42. Acquire samples on a BD LSRII or equivalent multicolor flow cytometer. Acquire at least 30,000 CD4+ or CD8+ T cells.
Troubleshooting
Critical Steps
Anticipated Results
References
1. Betts, M.R. et al. Sensitive and viable identification of antigen-specific CD8+ T cells by a flow cytometric assay for degranulation. J. Immunol. Methods 281, 65-78 (2003).
2. Suni, M.A. et al. Ex vivo analysis of T-cell function. Curr Opin Immunol 17, 434-440 (2005).

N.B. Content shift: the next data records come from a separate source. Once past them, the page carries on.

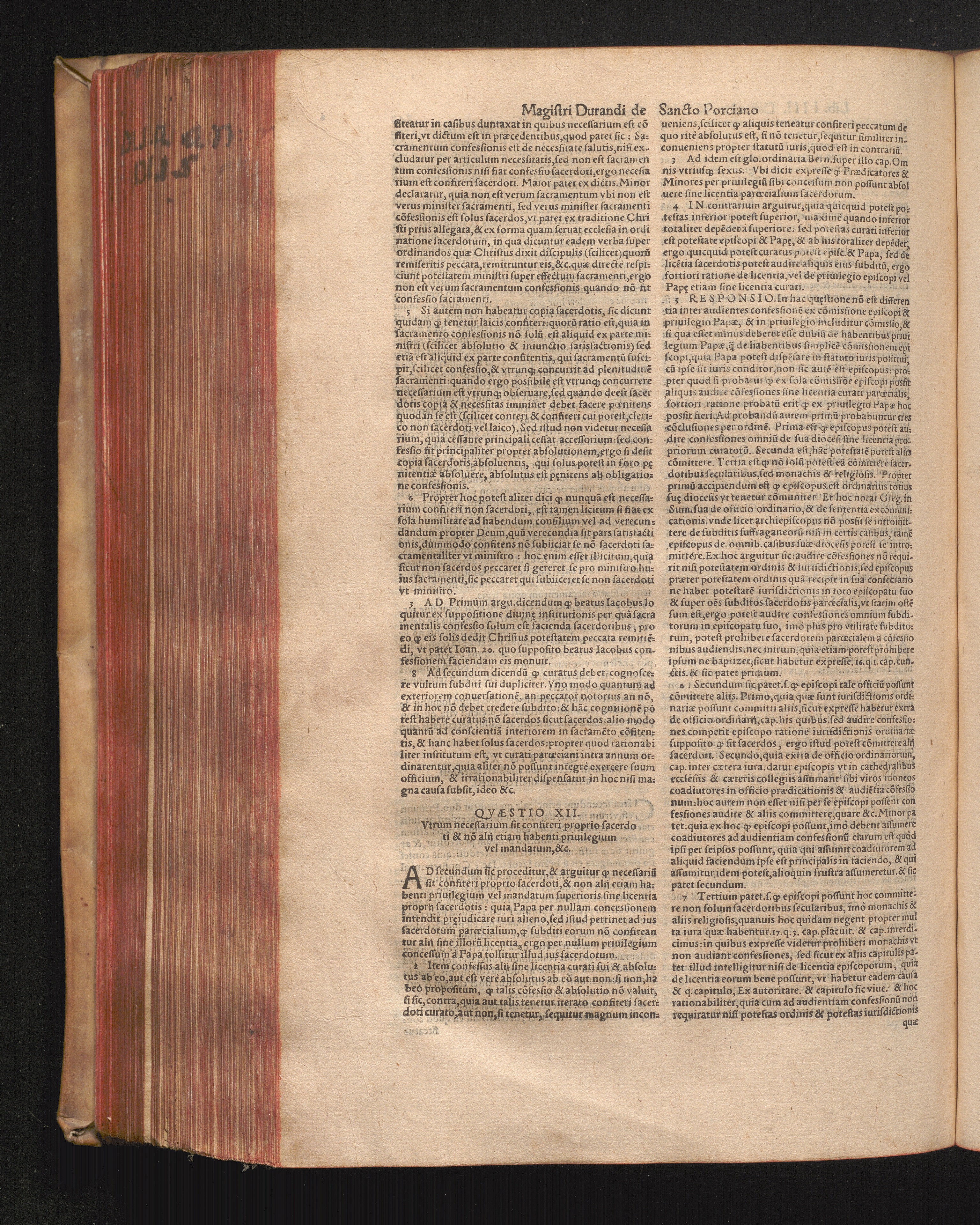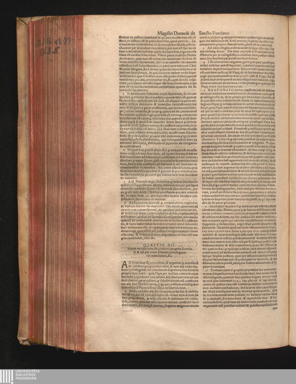 DN. DVRANDI|| à Sancto Portiano, in Senten=||tias Theologicas Petri Lombardi|| Commentariorum libri|| quatuor.|| / Primùm quidem per Nicolaum à Martimbos, eximium Nauarrensis|| Collegij Theologum, nunc verò denuo per alios quosdam|| non inferioris notæ Doctores quanta fieri po-||tuit cura diligentiáque emendati.|| Vná cum Auctoris Vita, & copiosissimo|| decisionum omnium|| Indice.||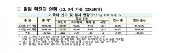 보건·의료 | 코로나19 국내 확진환자 총 123240명 및 격리해제 112865명·사망 1833명, 5월 2일 0시 기준 606명 추가 확인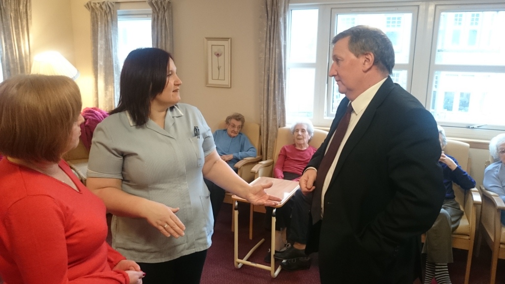 Alex Rowley MSP visited a care home in his Cowdenbeath constituency this week to highlight the need for the introduction of the ‘living wage’ for workers across the care sector in Fife and Scotland.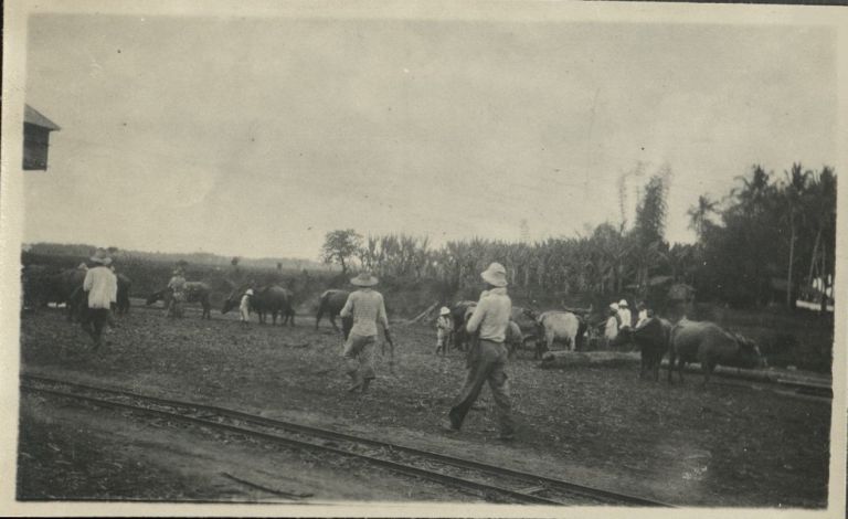 Subject: This series of three images (OFI-006311/12/14) shows carabao and men riding on a sugar central (per the narrow rail tracks), very likely on Negros Island where Mr. Thurlow worked. Since there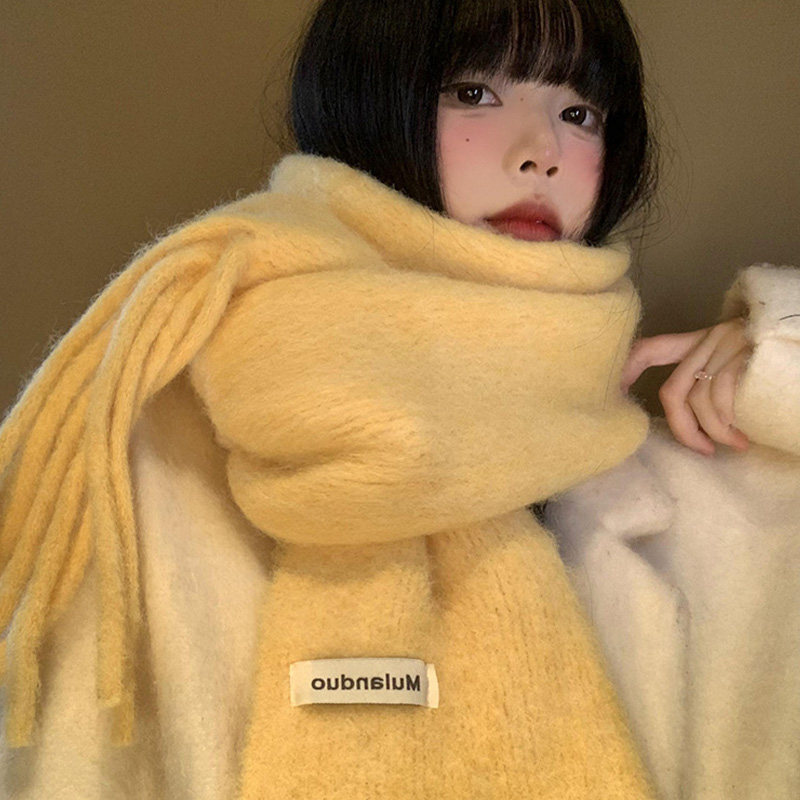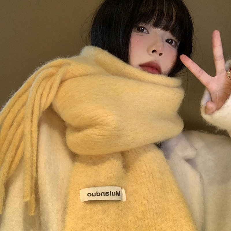 黄色针织毛线围巾女冬季2025新款韩系高级感加厚防寒保暖围脖学生

3. Casazza, J.P. et al. Acquisition of direct antiviral effector functions by CMV-specific CD4+ T lymphocytes with cellular maturation. J. Exp. Med. 203, 2865-2877 (2006).
Acknowledgements
We would like to thank Laurel Nomura (BD Biosciences) for her work on the initial development of this protocol.
Keywords
Flow cytometry, Intracellular cytokine, Degranulation, Antigen-specific
Figure 1
CD107a+CD107b (CD107), and IFN-γ staining of CD4+ splenocytes from a Balb/c mouse immunized with actA-Lm and restimulated in vitro with PMA+ ionomycin. Quadrant markers were set based on staining of an unstimulated sample. The numbers in the quadrants represent the percentage of CD4+ cells staining positive.
Figure 2
CD107a+CD107b (CD107), and IFN-γ staining of CD8+ splenocytes from a Balb/c mouse immunized with actA-Lm and restimulated in vitro with LLO91-99 peptide. Quadrant markers were set based on staining of an unstimulated sample. The numbers in the quadrants represent the frequency of CD8+ cells staining positive.
Figure 3
CD107a+CD107b (CD107), and IFN-γ staining of CD4+ splenocytes from a C57BL/6 mouse immunized with actA-Lm and restimulated in vitro with LLO190-201 peptide. Quadrant markers were set based on staining of an unstimulated sample. The numbers in the quadrants represent the percentage of CD4+ cells staining positive.